Sharp quindi giovedì ha dichiarato, alla platea di investitori che ascoltava basita la decisione del suo amministratore delegato Takashi Okuda, di chiudere stabilimenti e adottare una politica di licenziamenti e tagli senza precedenti dopo decenni di crescita a fronte di una perdita di 5,6 miliardi dollari ed ha avvisato i suoi investitori di avere seri dubbi di poter continuare a sopravvivere. Di fatto, nell’ultimo periodo di quest’anno la perdita netta di 3,1 miliardi di dollari e questa continua ad aumentare.

 

Anche la Panasonic, lo stesso giorno ha perso la decisione di fare eco alla sua concorrente ed ha riferito che il suo valore in borsa a Tokyo sta crollando a fronte di decisioni che non hanno dato i risultati sperati ed hanno penalizzato tutto il suo valore con un netto segno al ribasso del 20%, pari ad un ammanco sulla previsione annua di 9,6 miliardi di dollari.

 

La Sony, nonostante la sua caduta di stile si conferma la più bella delle tre sorelle di madre terra anche se anch’essa si trova in posizione di svantaggio rispetto alle sue concorrenti occidentali o coreana, con un netto andamento in perdita che ammonta a quasi 194 milioni di dollari spalmati su quasi tutti i suoi prodotti di largo consumo.
Mentre, in ambito medicale, Sony stringe un’alleanza strategica con Olympus che apre ad un investimento sul futuro che potrebbe portare qualche utile anche se la concorrente Storz (nota ditta medicale tedesca) la pone in posizione di inferiorità, non solo tecnologica, ma anche distributiva, ora che il Care si sviluppa soprattutto nei mercati orientali dove, la vicina potenza economica, ha fatto capire hai mercati emergenti affamati di nuovi investimenti che Lei non gradisce mangiare sushi o sashimi a pranzo.
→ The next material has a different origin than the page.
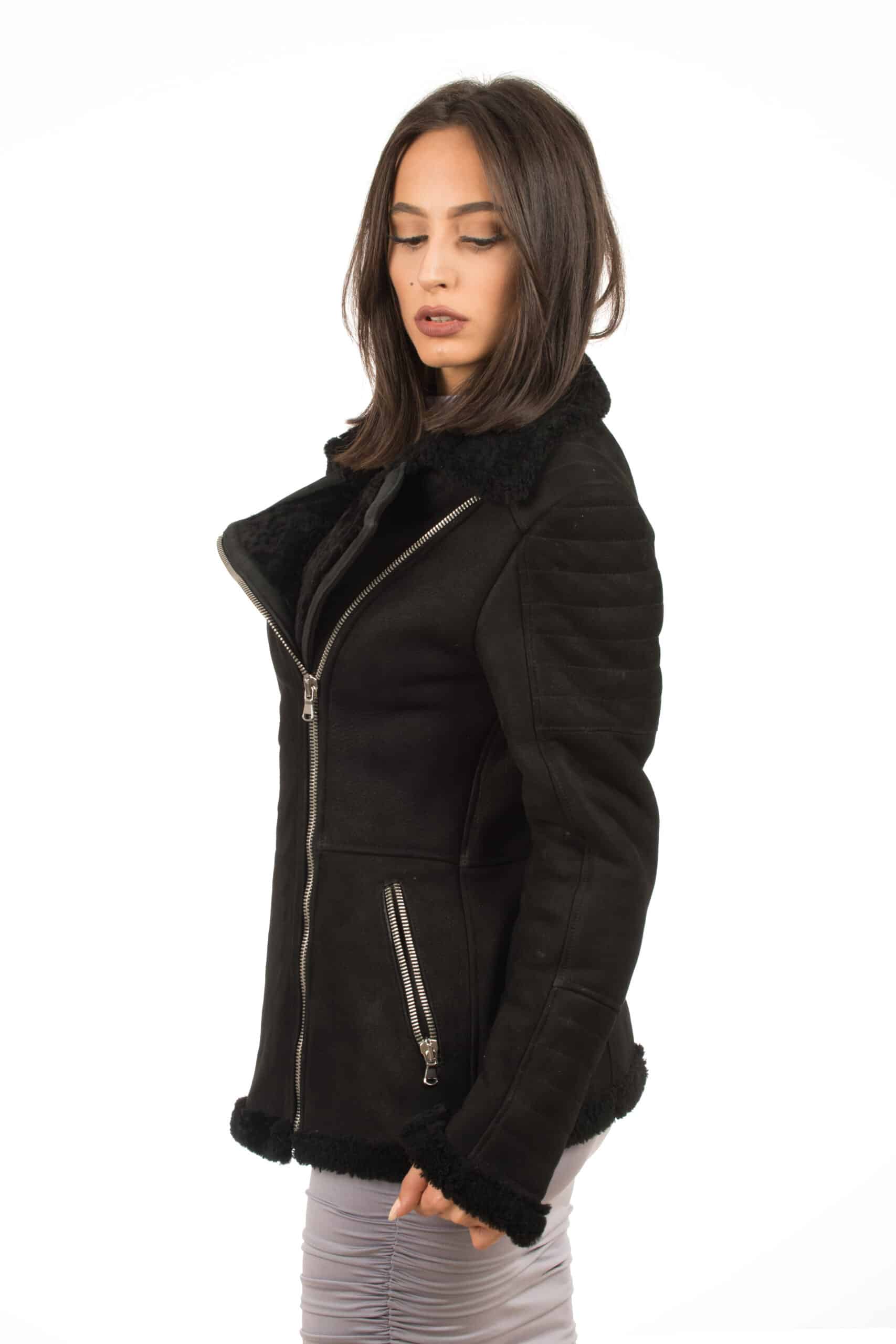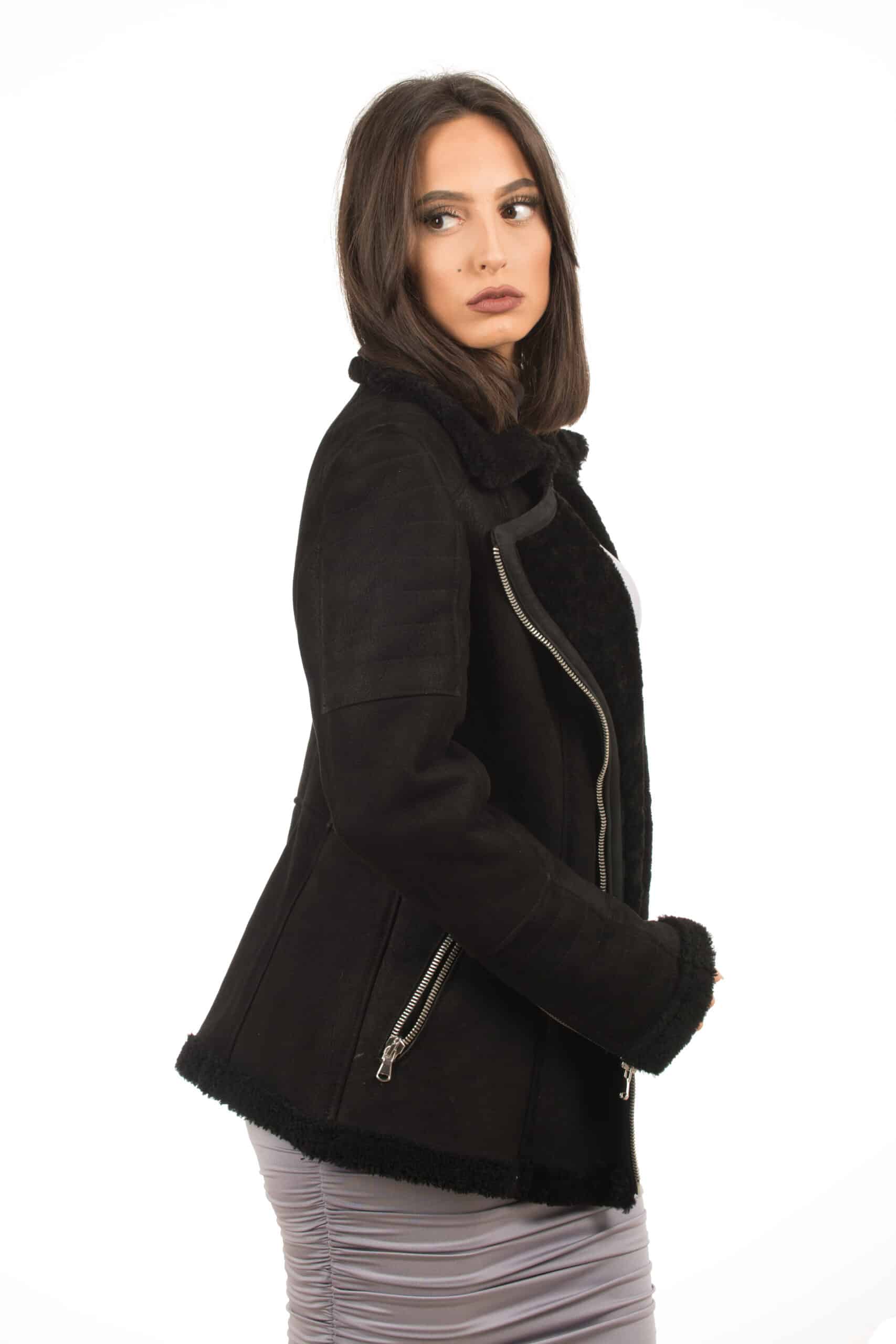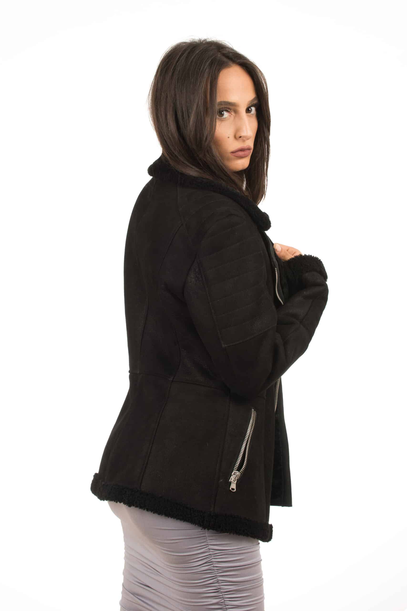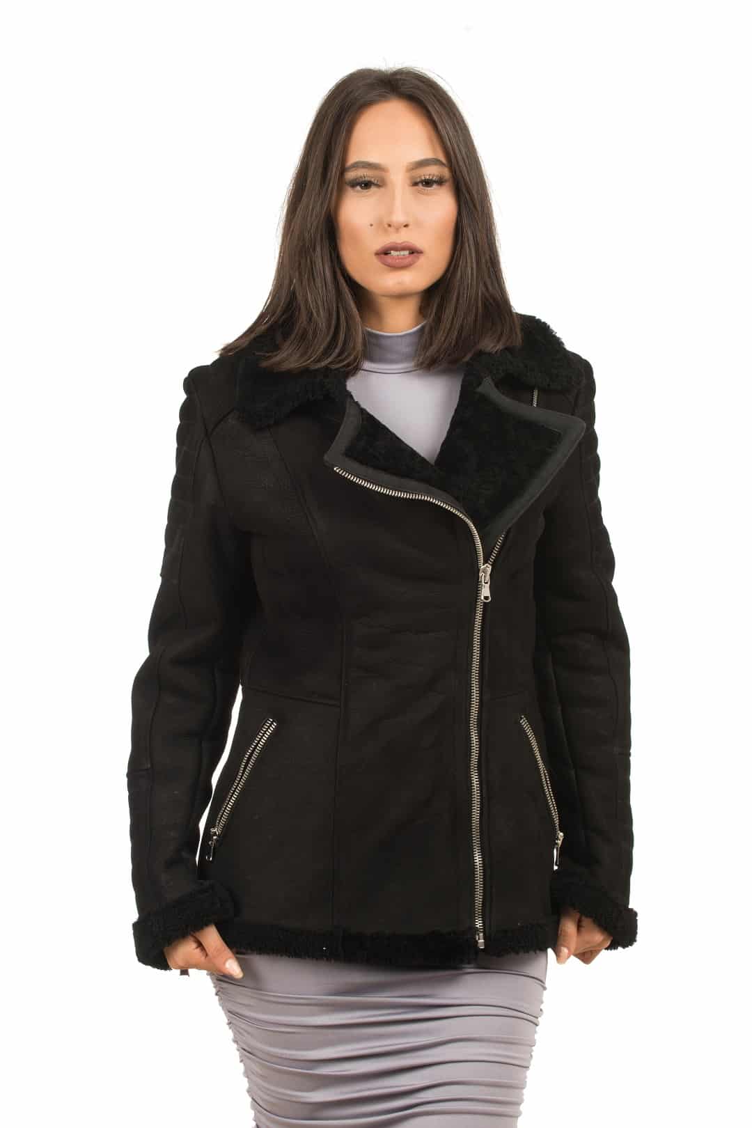 La giacca MINSKA è realizzata in montone shearling, chiusura trasversale e tasche con chiusura a zip, l’interno è in shearling, per una estrema sensazione di comfort e di calore

La disputa territoriale tra Cina e Giappone dunque non concilia la vendita dei prodotti giapponesi.
Anche perché, il relativo boicottaggio non dichiarato di questi prodotti nel mercato di largo consumo cinese in grande crescita, predilige un basso costo dei prodotti ad alta tecnologia che non va di pari passo con il consumo delle chicche tecnologiche che sono il fiore all’occhiello dell’industria giapponese che da sempre ci ha abituato a trovare piccole intelligenti e sofisticate soluzioni che però non modificano significativamente il risultato finale del prodotto che negli ultimi anni ha continuato a salire di costo compromettendo la vendita per la grande distribuzione affamata solo di risultati economici.

Questo segna il crollo dei colossi dell’elettronica giapponese che è dovuto a troppi passi falsi con enormi investimenti di denaro in tecnologie sbagliate per una bolla speculativa di produzione che ha mascherato e maschera una continua debolezza del modello giapponese che ha dimostrato una certa pigrizia nel dare ai sui clienti degli stimoli maggiori d’acquisto dei loro vecchi prodotti.